Handy earned a teaching certificate, but soon was making more money at the Bessemer Iron Works near Birmingham. He joined a vocal quartet that toured as far as St. Louis, where they were stranded, and he heard some of the folk materials that would become his most famous composition. He then joined a minstrel show as the cornet player in their marching band and toured to Canada, Cuba, and many others places. After a time back in Alabama and in Mississippi, he settled in Memphis where his blues song writing and publishing flourished. By the time of his death on March 28, 1958, Handy was known around the world for his musical contributions.
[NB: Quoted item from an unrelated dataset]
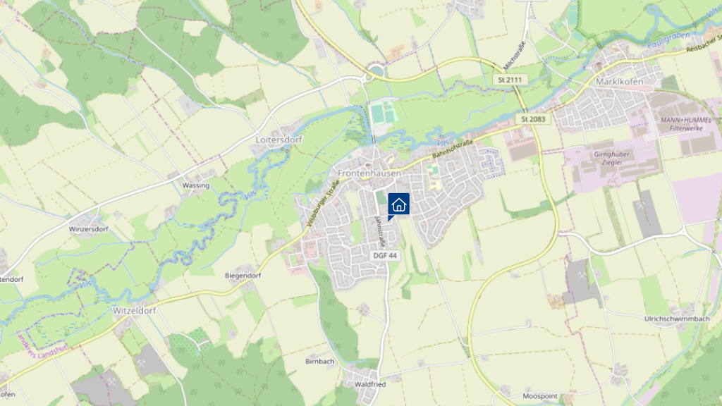Das Haus befindet sich im Markt Frontenhausen im Landkreis Dingolfing-Landau in Niederbayern und überzeugt durch seine ruhige sowie zugleich gut angebundene Lage. Vor Ort sind Einrichtungen des täglichen Bedarfs, Schulen und Kindergärten vorhanden. Die Umgebung zeichnet sich durch einen hohen Freizeit- und Erholungswert aus.

A U.S. postage stamp was issued in his honor in 1969. 

Handy felt the film would be "the crowning glory" of his career, as noted by David Robertson in his 2009 biography, W.C. Handy: The Life and Times of the Man Who Made the Blues [p.228]. The "biopic" was hardly accurate, but as Robertson observes, Cole looked good in the role of Handy.

Nathaniel Adams Coles was born in Montgomery on March 17, 1919. In 1923 Coles' Baptist minister father moved the family to Chicago along with so many other blacks moving north in the Great Migration. As he grew older the young Nat heard jazz legends such as pianists Earl Hinds, Art Tatum and Teddy Wilson in nearby clubs. His mother taught him piano, and he dropped out of high school at 17 and joined his older brother Eddie's jazz groups, Within a few years he had married, moved to Los Angeles, dropped the "s" from his last name and formed the Nat King Cole Trio with a guitarist and bass player. The group's lack of a drummer was unusual at the time. 
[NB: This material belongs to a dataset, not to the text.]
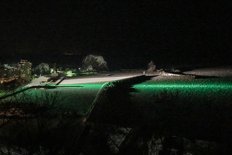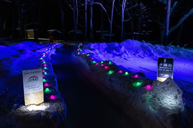 El Electrical River, una cadena de luces decorativas que se iluminan formando diversos patrones al reaccionar ante las personas que pasan, se encadena a lo largo del camino hacia el mirador Yūhidai ubicado a un lado del campamento. El mirador ofrece la primera vista del mundo, según dicen, del hielo iluminado a la deriva, y bien vale la pena visitarlo.

By the age of 25 Cole picked up the nickname "King" & the King Cole Trio had increasing popularity in both west and east coast venues. Their 1943 recording "Straighten Up and Fly Right" had such success the group crossed over to the pop charts. Capitol Records began marketing Cole's velvet voice with love ballads, and in 1955 the Trio disbanded. Cole's popularity continued until his death on February 15, 1965, and his recordings of "Unforgettable", "Ramblin' Rose" and others have remained popular. His 1960 release The Magic of Christmas was the biggest selling such holiday album of the 1960's. 

Cole's achievements include a short-lived variety program on the NBC television network. Due to a lack of sponsorship the show only ran for 30 episodes in 1956 and 1957. Yet the program broke new ground; never before had a black had such a prominent role on American television.
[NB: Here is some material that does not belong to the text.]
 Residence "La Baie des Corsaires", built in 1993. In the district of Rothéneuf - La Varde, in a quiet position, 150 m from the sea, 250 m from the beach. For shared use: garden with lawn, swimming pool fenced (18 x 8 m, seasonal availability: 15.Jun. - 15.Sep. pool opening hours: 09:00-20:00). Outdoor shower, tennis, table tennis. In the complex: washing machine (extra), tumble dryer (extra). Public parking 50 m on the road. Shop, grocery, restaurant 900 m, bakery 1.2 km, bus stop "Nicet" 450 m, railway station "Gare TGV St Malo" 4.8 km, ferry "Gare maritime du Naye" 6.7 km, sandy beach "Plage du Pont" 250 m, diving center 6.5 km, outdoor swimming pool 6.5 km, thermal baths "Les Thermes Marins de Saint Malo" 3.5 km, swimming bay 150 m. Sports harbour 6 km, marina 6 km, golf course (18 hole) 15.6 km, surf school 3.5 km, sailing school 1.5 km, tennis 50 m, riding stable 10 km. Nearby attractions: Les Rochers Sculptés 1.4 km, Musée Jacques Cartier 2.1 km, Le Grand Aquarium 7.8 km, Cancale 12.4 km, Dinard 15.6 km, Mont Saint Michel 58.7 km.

St. Louis Blues was not Cole's only film appearance. He is the uncredited piano player in the El Rancho nightclub sequence of the 1941 Orson Welles classic Citizen Kane and played the Sunrise Kid in Cat Ballou, released the year he died. In between he appeared as himself, as a singer or piano player in a variety of movies and television episodes. He had a major dramatic role alongside Gene Berry and Angie Dickinson in Samuel Fuller's 1957 war movie, China Gate. Other such roles includes Night of the Quarter Moon [1959] and Istanbul [1957].

If Cole had not died so young, perhaps he would have expanded his work in films and television. 




Nat King Cole and W.C. Handy in 1958











Saturday, September 18, 2021

Who Was Joseph E. Pullum?

Sometimes I'm researching something and follow it down a rabbit hole that leads to another rabbit hole. And here we are...

I recently watched PBS' "American Experience" episode on Alabama native Joe Louis and his June 1938 championship fight with Max Schmeling. Well worth watching, by the way. During the program I heard a song from the 1930's about Louis on the soundtrack. Hmm, I thought, I wonder who wrote and sang that ditty. A little time on Google led me to a 2001 New York Times article discussing  the songs written about Louis. In it the author noted that composer and music researcher Rena C. Kosersky has identified over 40 songs about the boxer from the 1930’s & 1940’s. The first was Joe Pullum’s “Joe Louis Is the Man” recorded 27 July 1935 in San Antonio. 

Lo and behold, Pullum was born in Anniston. Let's investigate. 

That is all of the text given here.